-- Provided records follows --
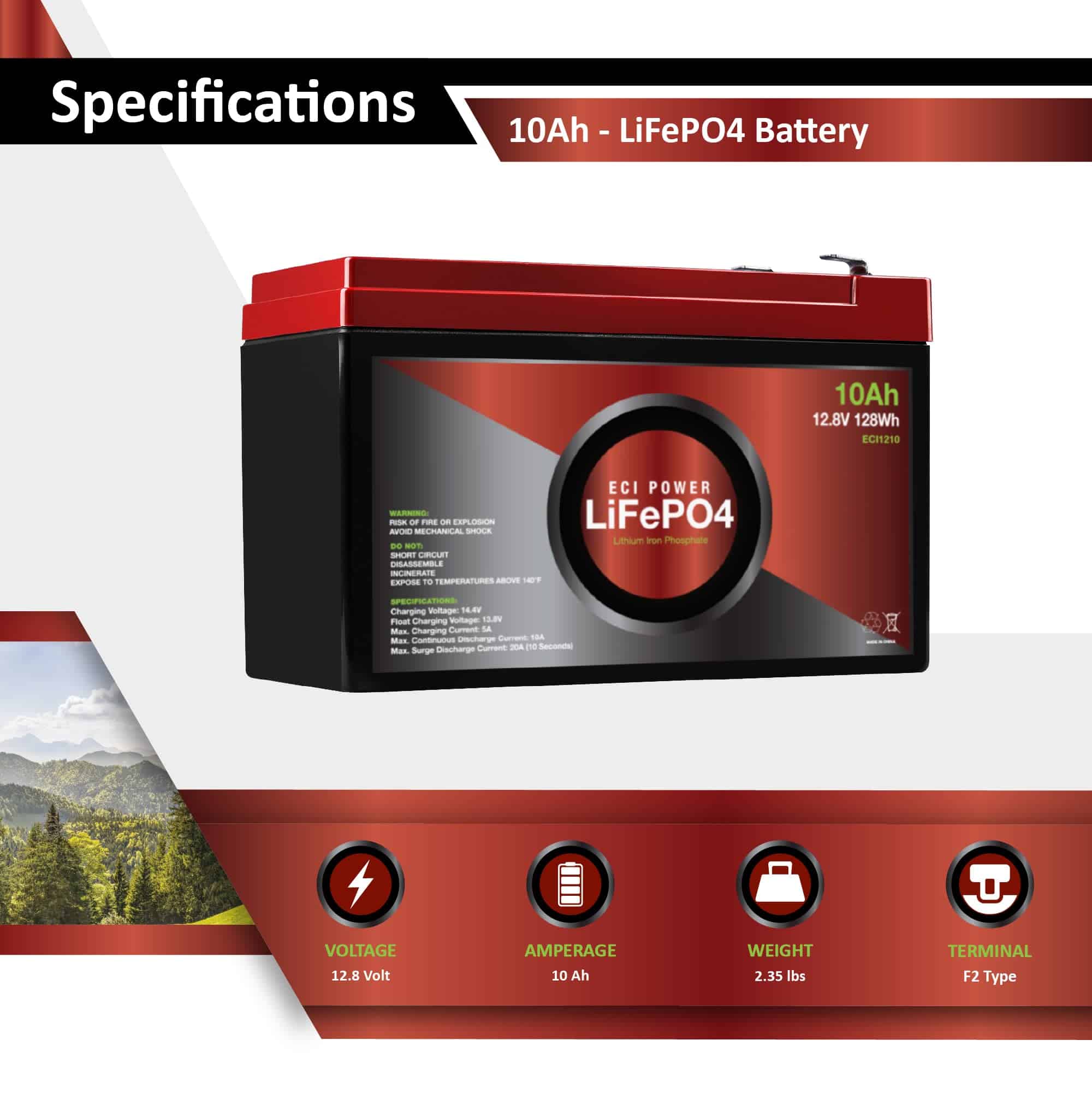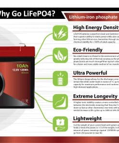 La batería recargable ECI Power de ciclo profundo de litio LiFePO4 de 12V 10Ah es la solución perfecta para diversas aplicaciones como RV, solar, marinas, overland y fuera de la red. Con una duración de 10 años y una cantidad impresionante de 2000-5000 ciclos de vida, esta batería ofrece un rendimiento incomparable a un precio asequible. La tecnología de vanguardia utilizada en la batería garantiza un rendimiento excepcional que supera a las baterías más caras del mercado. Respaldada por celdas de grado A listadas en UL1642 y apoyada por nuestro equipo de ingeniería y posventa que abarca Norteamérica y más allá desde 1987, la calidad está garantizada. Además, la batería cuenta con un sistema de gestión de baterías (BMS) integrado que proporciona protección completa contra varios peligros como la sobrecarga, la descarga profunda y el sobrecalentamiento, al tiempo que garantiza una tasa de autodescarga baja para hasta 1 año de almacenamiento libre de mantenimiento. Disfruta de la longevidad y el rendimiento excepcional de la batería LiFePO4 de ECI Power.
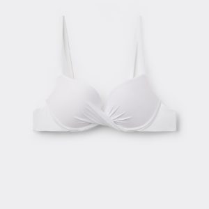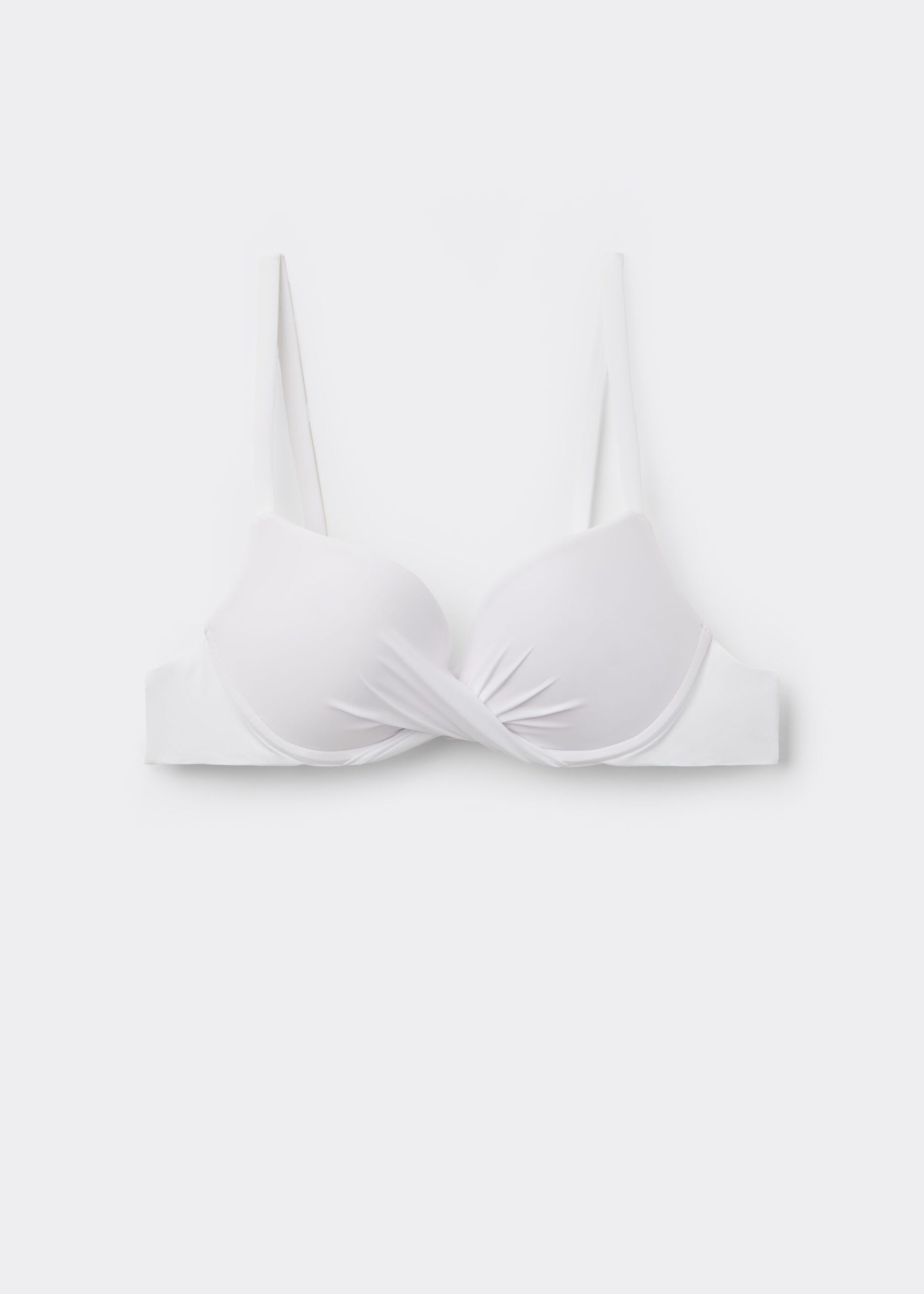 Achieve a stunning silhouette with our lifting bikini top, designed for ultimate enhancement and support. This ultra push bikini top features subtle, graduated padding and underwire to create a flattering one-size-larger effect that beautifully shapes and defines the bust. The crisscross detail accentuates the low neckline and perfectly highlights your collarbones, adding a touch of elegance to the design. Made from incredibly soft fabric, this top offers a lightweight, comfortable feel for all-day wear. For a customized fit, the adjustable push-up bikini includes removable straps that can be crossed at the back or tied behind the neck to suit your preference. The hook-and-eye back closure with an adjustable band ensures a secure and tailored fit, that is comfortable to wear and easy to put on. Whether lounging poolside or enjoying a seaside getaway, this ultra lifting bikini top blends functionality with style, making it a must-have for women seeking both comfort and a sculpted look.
-- Provided records concluded --
-- Provided records follows --
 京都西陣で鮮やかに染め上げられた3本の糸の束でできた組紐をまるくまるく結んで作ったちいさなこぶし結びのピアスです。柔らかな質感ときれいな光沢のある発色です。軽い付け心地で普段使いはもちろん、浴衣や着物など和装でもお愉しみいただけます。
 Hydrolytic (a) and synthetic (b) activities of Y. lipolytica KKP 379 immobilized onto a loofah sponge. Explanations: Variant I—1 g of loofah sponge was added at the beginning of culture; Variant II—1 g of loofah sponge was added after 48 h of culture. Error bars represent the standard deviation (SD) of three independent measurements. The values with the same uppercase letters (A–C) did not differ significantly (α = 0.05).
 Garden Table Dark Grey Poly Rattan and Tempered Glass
-- Provided records concluded --
Aim of the exercise: Set down, exactly as they appear above, all lines from the one that has "京都西陣で鮮やかに染め上げら" down to the one that has "Hydrolytic (a) and", including those two and no others.

Answer space:
 京都西陣で鮮やかに染め上げられた3本の糸の束でできた組紐をまるくまるく結んで作ったちいさなこぶし結びのピアスです。柔らかな質感ときれいな光沢のある発色です。軽い付け心地で普段使いはもちろん、浴衣や着物など和装でもお愉しみいただけます。
 Hydrolytic (a) and synthetic (b) activities of Y. lipolytica KKP 379 immobilized onto a loofah sponge. Explanations: Variant I—1 g of loofah sponge was added at the beginning of culture; Variant II—1 g of loofah sponge was added after 48 h of culture. Error bars represent the standard deviation (SD) of three independent measurements. The values with the same uppercase letters (A–C) did not differ significantly (α = 0.05).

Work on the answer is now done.